Data to examine: Begin
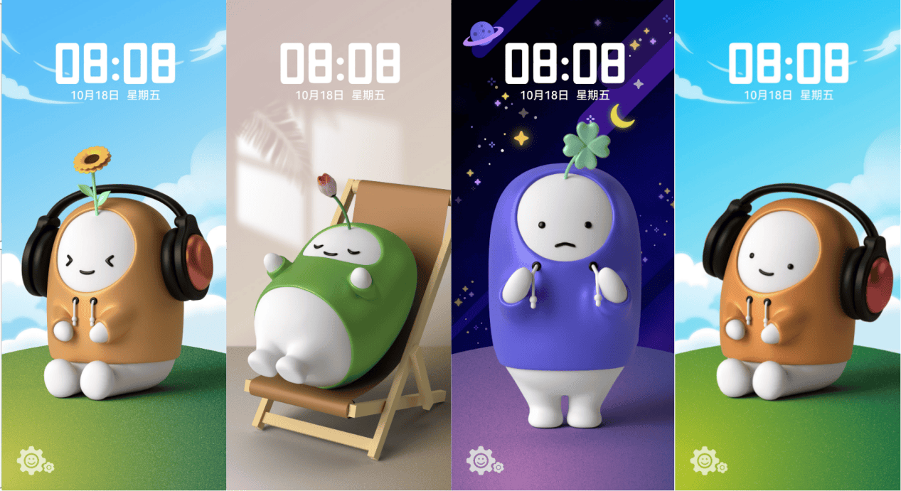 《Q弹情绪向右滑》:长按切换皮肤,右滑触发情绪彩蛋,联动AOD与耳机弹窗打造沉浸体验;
Data to examine: End
Data to examine: Begin
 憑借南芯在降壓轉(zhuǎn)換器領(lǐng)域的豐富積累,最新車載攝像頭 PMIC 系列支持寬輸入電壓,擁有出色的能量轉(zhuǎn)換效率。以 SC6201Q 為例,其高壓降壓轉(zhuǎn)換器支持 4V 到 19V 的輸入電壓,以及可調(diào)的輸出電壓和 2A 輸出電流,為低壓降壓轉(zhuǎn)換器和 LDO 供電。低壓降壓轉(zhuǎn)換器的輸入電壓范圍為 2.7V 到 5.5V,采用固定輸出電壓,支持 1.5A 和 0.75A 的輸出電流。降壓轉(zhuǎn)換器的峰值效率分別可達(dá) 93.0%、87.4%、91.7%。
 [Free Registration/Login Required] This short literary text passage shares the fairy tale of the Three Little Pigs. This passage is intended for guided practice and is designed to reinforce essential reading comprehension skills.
Data to examine: End
Data to examine: Begin
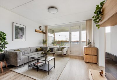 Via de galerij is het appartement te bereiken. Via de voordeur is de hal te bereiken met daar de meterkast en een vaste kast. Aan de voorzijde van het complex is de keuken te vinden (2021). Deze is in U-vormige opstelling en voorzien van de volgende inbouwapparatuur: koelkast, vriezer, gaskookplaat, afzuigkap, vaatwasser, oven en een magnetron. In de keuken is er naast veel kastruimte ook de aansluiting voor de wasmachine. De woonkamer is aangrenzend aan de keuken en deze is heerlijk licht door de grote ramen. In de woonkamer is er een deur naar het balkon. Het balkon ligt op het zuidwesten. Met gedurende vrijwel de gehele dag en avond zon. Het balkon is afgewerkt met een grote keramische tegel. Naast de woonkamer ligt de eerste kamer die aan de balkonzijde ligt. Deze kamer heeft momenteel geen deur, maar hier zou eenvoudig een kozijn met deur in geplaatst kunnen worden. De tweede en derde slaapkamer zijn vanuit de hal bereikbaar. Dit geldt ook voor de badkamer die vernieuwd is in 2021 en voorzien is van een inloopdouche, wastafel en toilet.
Data to examine: End
== Task brief ==
From the records above, transcribe without alteration every line from the one with "0.75A 的輸出電流。降壓轉(zhuǎn)換器的峰值效率分別可達(dá) 93.0%、87.4%、91.7%。" to the one with "[Free Registration/Login Required]", inclusive.

== Exercise solution ==
 憑借南芯在降壓轉(zhuǎn)換器領(lǐng)域的豐富積累,最新車載攝像頭 PMIC 系列支持寬輸入電壓,擁有出色的能量轉(zhuǎn)換效率。以 SC6201Q 為例,其高壓降壓轉(zhuǎn)換器支持 4V 到 19V 的輸入電壓,以及可調(diào)的輸出電壓和 2A 輸出電流,為低壓降壓轉(zhuǎn)換器和 LDO 供電。低壓降壓轉(zhuǎn)換器的輸入電壓范圍為 2.7V 到 5.5V,采用固定輸出電壓,支持 1.5A 和 0.75A 的輸出電流。降壓轉(zhuǎn)換器的峰值效率分別可達(dá) 93.0%、87.4%、91.7%。
 [Free Registration/Login Required] This short literary text passage shares the fairy tale of the Three Little Pigs. This passage is intended for guided practice and is designed to reinforce essential reading comprehension skills.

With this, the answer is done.